MateuszKowalewski · December 6, 2023, 4:56am

Could you point to some discussion that argues to remove overloading because it’s evil?

I’ve never heard that someone said something like that. Some links would be helpful.

Instead I’ve heard about cases where people where asking for “even more overloading”… And that got actually implemented lately, no matter “that overloads are evil”:

https://docs.scala-lang.org/sips/multi-source-extension-overloads.html

But maybe I just misunderstood you? Maybe you don’t argue for removal of that evil feature, but instead to make it actually more powerful, so it works in more cases?

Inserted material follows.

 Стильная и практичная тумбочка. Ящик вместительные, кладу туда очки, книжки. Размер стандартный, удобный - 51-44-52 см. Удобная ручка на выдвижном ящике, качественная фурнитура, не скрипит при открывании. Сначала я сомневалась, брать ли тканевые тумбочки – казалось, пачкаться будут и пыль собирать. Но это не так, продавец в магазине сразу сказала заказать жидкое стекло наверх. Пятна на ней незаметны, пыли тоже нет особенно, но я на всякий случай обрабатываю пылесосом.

The later is something I’ve heard a lot actually: Overloads don’t work good enough, and it would be good if overloading got better and would work in more cases. (This got actually better with the introduction of @targetName btw.).

This looks like a bug to me…

And this error message would be just nuts in Scala. Because at runtime both types are equivalent!

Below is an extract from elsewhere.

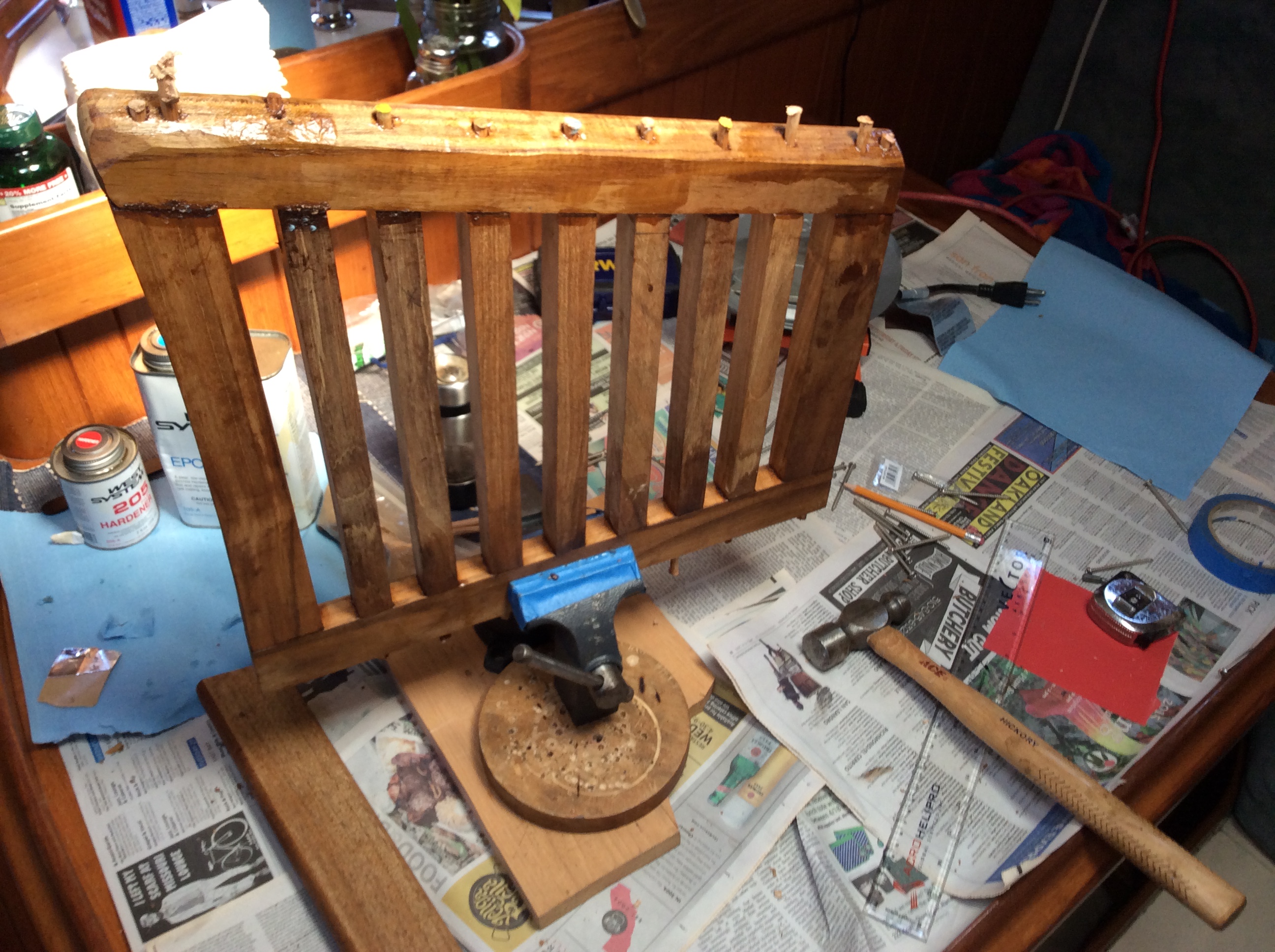 The other big improvement to the fridge is the new shelf we built. As you can see in the top picture, there is a shelf for the back half of the fridge, but the front half was just one big space with no way to organize it. Very frustrating. Our fridge has a top opening and a side opening so if we stacked bins on top of each other to fill the space, the side door wouldn’t be much use. I am aware the side door spills lots of air and isn’t efficient but I really like it. The top cover is the main counter space in the galley so it’s great to be able to get into the fridge even when in the middle of making dinner without moving everything off the top. Plus, the side door allows me to reach the bottom of the fridge without climbing in head first!

There is also no “safety” argument which could be made. Because in case you want to be really safe you wouldn’t use tuples at all. You would write something like:

case class IntBoolTuple(a: Int, b: Boolean) // Excuse the not very creative name…

def f(s: Seq[IntBoolTuple]) = ???
f(Seq(IntBoolTuple(1, true), IntBoolTuple(2, true)))

So Scala gives you already the tools to be safe. If you think you need it, just go for it!

But Scala currently doesn’t give you the tools to be less explicit. That’s the whole point of this proposal!

This feature needs to be usable in a “dynamic” context. We don’t need just another “super safe” tool. We have plenty of them. One could even say that in the end Scala got ruined by the people who constantly insist on theoretical purity. Because in the mass-market nobody cares actually. The majority of people are using dynamic languages. JavaScript and Python eat the world! That’s the reality we need to deal with. (No matter whether it’s sane what the majority of people do. It’s a fact they won’t even look at something where they can’t do “the simple things” easily. They will just use Python and call it a day!)

Oh, I just realized that my above example isn’t safe and explicit enough. To make the people in this thread really happy we need to write it actually like:

case class IntBoolTuple(a: Int, b: Boolean) // Excuse the not very creative name…

def f(s: Seq[IntBoolTuple]) = ???
f(Seq(IntBoolTuple(a = 1, b= true), IntBoolTuple(a = 2, b = true)))

I don’t see what’s there to “explore”.

You need some form of “conversion”, no matter what. Because otherwise this feature is unusable.

The only question is how exactly this “conversions” look like.

We know from bitter experience that having bidirectional implicit conversions is a trap.

So there are actually only two possibilities left: Using subtyping in on direction and (implicit) conversions in the other. (Subtying in both directions doesn’t work of course). Or you could have only manual conversions (where one of them could be made implicit in the end).

But now we’re back to square one: The feature wouldn’t be convenient to use. You would require to put extra noise into your code just to achieve the obvious. That’s not Scala! That’s awful Java style, where the typesystem is not helpful at all, but instead stands the whole time in your way, nagging you to write down absurd amounts of noise just to make the compiler happy.

That’s true. But by this argument we should avoid any new feature. Because it could blow up later on.

Better safe than sorry, right? So just use assembly code because that’s at least very explicit! (Fun fact: That was actually the major line of argumentation against higher level languages and all the “implicit compiler magic” a few decades back).

The possibilities are already know. I’ve written them down. I don’t see that this could change anyhow.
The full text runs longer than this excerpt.